## WHAT IS REQUIRED
Pictures stay out; please output the remaining data exactly.

## MATERIAL FOR THIS TASK
++++++++
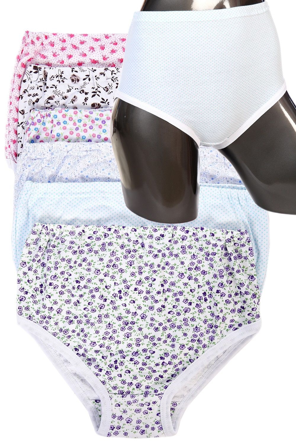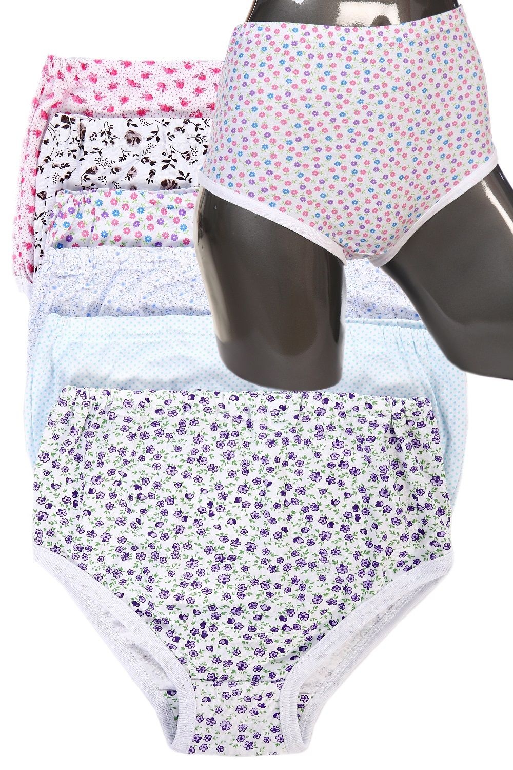 Трусы женские из кулирки. Три штуки в упаковке. Цветочный узор, белая окантовка, на резинке, несколько вариантов расцветки. Размеры от 48 до 62. Внимание, данный товар не подбирается по цветам и не продается в розницу!
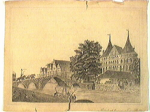 Teckning föreställande en stad. Genom staden rinner en flod och över floden går en bro. På bron är en vagn, som dras av hästar. Vid kajen ligger en båt, sju personer håller på att lasta av eller på båten. På andra sidan floden är flera stora hus och människor.
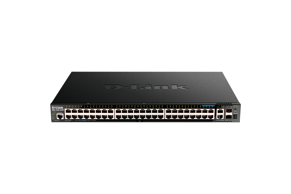 Коммутатор D-Link DGS-1520-52MP/A1A Управляемый L3 стекируемый коммутатор с 44 портами 10/100/1000Base-T, 4 портами «100/1000/2.5GBase-T, 2 портами 10GBase-T и 2 портами 10GBase-X SFP+ (48 портов PoE 802.3af/at, PoE-бюджет 370 Вт
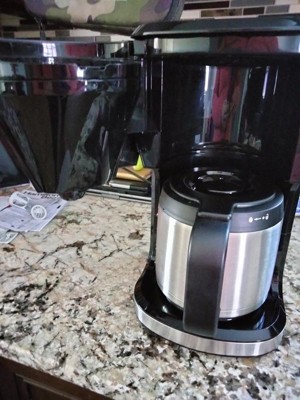 [This review was collected as part of a promotion.] I got my Front-Fill 12 Cup Programmable Coffee Maker with Thermal Carafe Stainless Steel Accents about 14 days ago. The coffee basket comes with removable basket so you don’t need filter papers. Ifyou choose not to use this number 4 cone filter papers will work. There is an option to make 12 cups or 4 cups. Also you can program it to make coffee at a designated time after setting your time. There is immediate auto shutoff. The thermal carafe keeps the coffee hot and fresh longer. I found this coffee maker is easy to use and looks great. It is good to go back a few hours later and still get hot coffee.
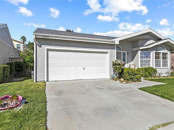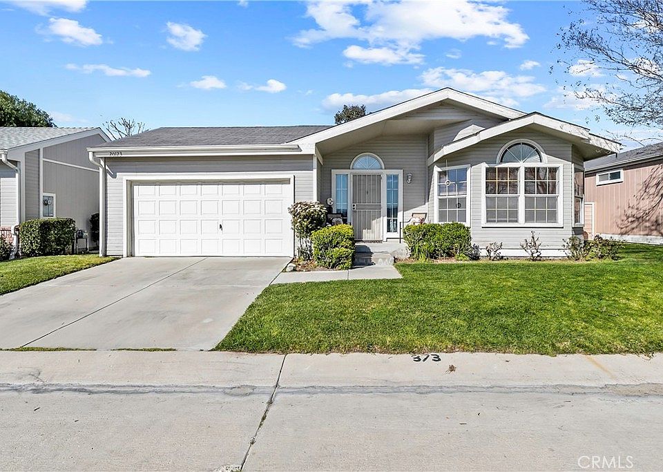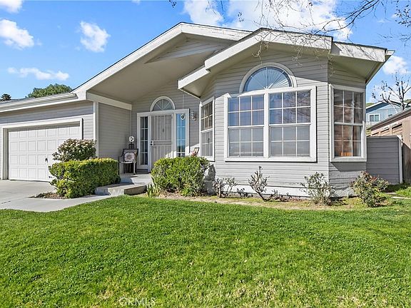 This home in Canyon View Estates faces the riverbed and offers panoramic views that stretch to the hills in both directions. The location offers quiet and privacy. This is a 3 BD, 2 BA manufactured home where you own the home and have a land lease. The kitchen has natural sunlight and newer appliances. There is a breakfast bar and plenty of cabinet space in the kitchen, which opens up to a beautiful dining area featuring large bay windows with a spectacular view. The open floor plan and vaulted ceilings create an inviting atmosphere. The family room features a fireplace and sliding glass doors to the backyard. The main bedroom also features sliding glass doors to the backyard as well as a large en-suite with a separate shower and tub. The yard is spacious and low maintenance. The laundry room offers extra cabinet space. There is direct access attached to the two-car garage. This home’s current monthly land lease will be $1,601.50 per month which includes community amenities, such as a 24-hour gate attendant, use of 2 pools and spa, basketball and tennis courts, and two play areas. Canyon View also offers a community clubhouse and RV storage. The home is located near parks, bike and walking paths, shopping and entertainment, and award-winning schools. Easy freeway and Metrolink access. Home is a must-see!
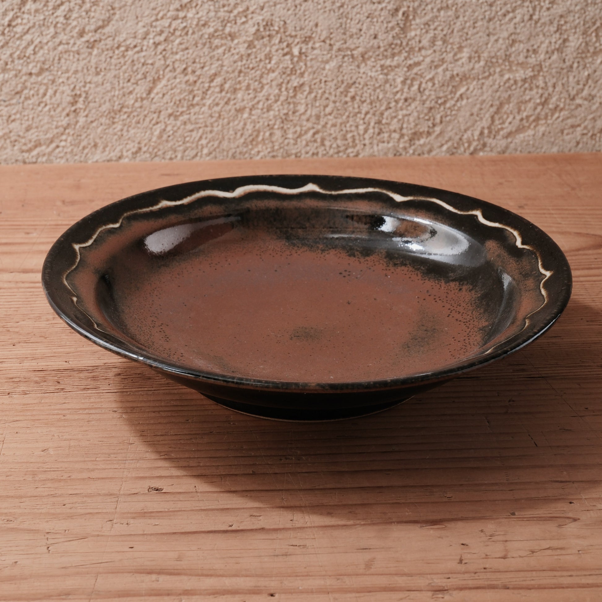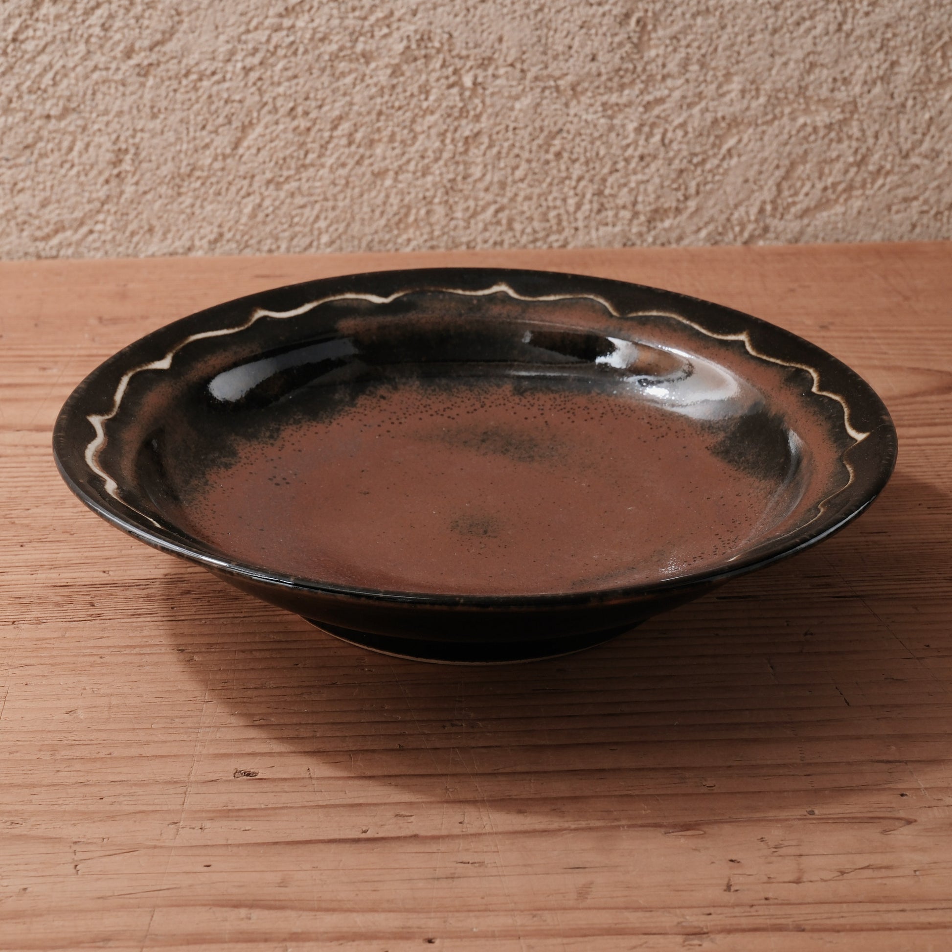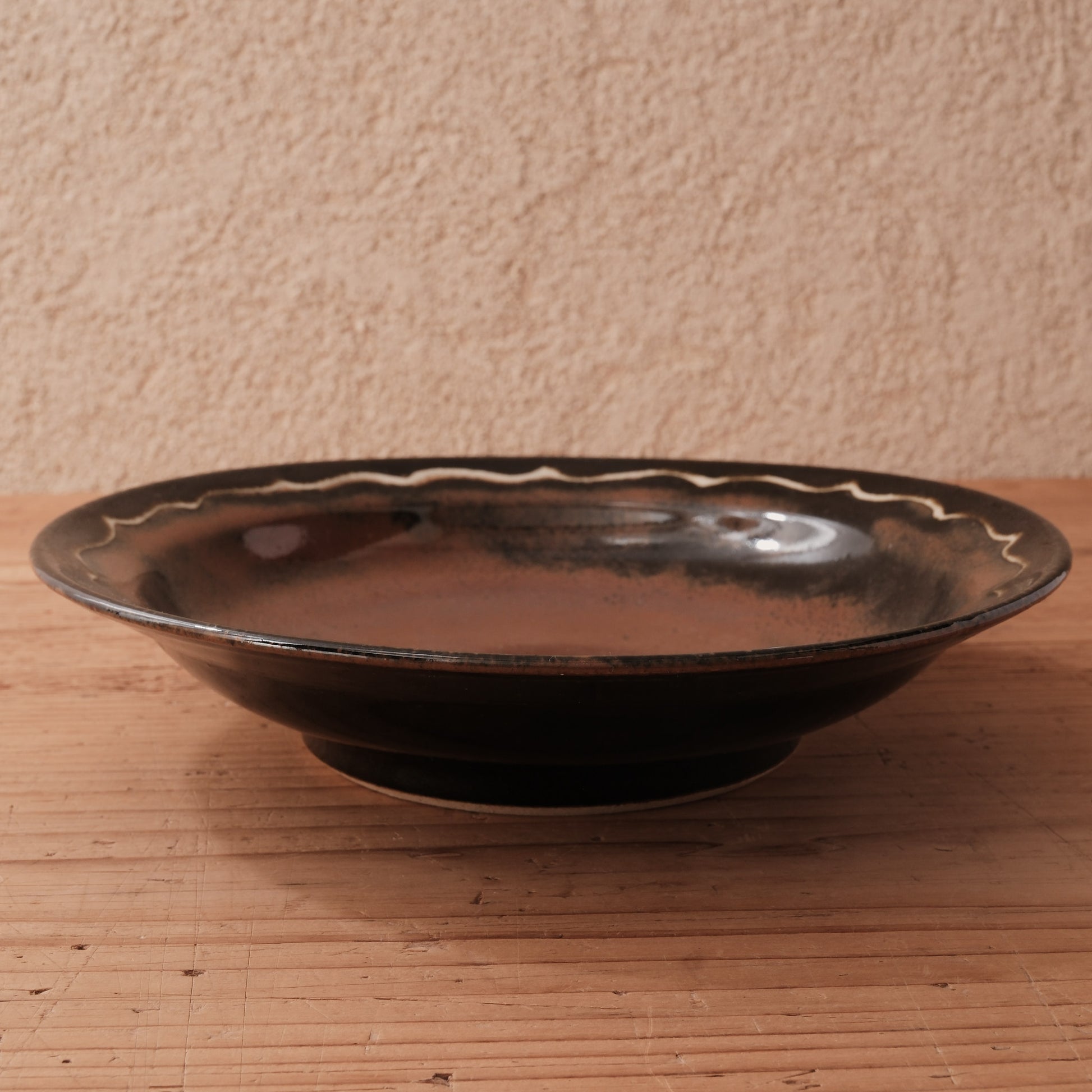 やわらかな丸みをもつ器体に、波打つ縁取りを施した、柿黒釉の8寸大鉢です。
++++++++
## COMPLETED EXERCISE
 Трусы женские из кулирки. Три штуки в упаковке. Цветочный узор, белая окантовка, на резинке, несколько вариантов расцветки. Размеры от 48 до 62. Внимание, данный товар не подбирается по цветам и не продается в розницу!
 Teckning föreställande en stad. Genom staden rinner en flod och över floden går en bro. På bron är en vagn, som dras av hästar. Vid kajen ligger en båt, sju personer håller på att lasta av eller på båten. På andra sidan floden är flera stora hus och människor.
 Коммутатор D-Link DGS-1520-52MP/A1A Управляемый L3 стекируемый коммутатор с 44 портами 10/100/1000Base-T, 4 портами «100/1000/2.5GBase-T, 2 портами 10GBase-T и 2 портами 10GBase-X SFP+ (48 портов PoE 802.3af/at, PoE-бюджет 370 Вт
 [This review was collected as part of a promotion.] I got my Front-Fill 12 Cup Programmable Coffee Maker with Thermal Carafe Stainless Steel Accents about 14 days ago. The coffee basket comes with removable basket so you don’t need filter papers. Ifyou choose not to use this number 4 cone filter papers will work. There is an option to make 12 cups or 4 cups. Also you can program it to make coffee at a designated time after setting your time. There is immediate auto shutoff. The thermal carafe keeps the coffee hot and fresh longer. I found this coffee maker is easy to use and looks great. It is good to go back a few hours later and still get hot coffee.
 This home in Canyon View Estates faces the riverbed and offers panoramic views that stretch to the hills in both directions. The location offers quiet and privacy. This is a 3 BD, 2 BA manufactured home where you own the home and have a land lease. The kitchen has natural sunlight and newer appliances. There is a breakfast bar and plenty of cabinet space in the kitchen, which opens up to a beautiful dining area featuring large bay windows with a spectacular view. The open floor plan and vaulted ceilings create an inviting atmosphere. The family room features a fireplace and sliding glass doors to the backyard. The main bedroom also features sliding glass doors to the backyard as well as a large en-suite with a separate shower and tub. The yard is spacious and low maintenance. The laundry room offers extra cabinet space. There is direct access attached to the two-car garage. This home’s current monthly land lease will be $1,601.50 per month which includes community amenities, such as a 24-hour gate attendant, use of 2 pools and spa, basketball and tennis courts, and two play areas. Canyon View also offers a community clubhouse and RV storage. The home is located near parks, bike and walking paths, shopping and entertainment, and award-winning schools. Easy freeway and Metrolink access. Home is a must-see!
 やわらかな丸みをもつ器体に、波打つ縁取りを施した、柿黒釉の8寸大鉢です。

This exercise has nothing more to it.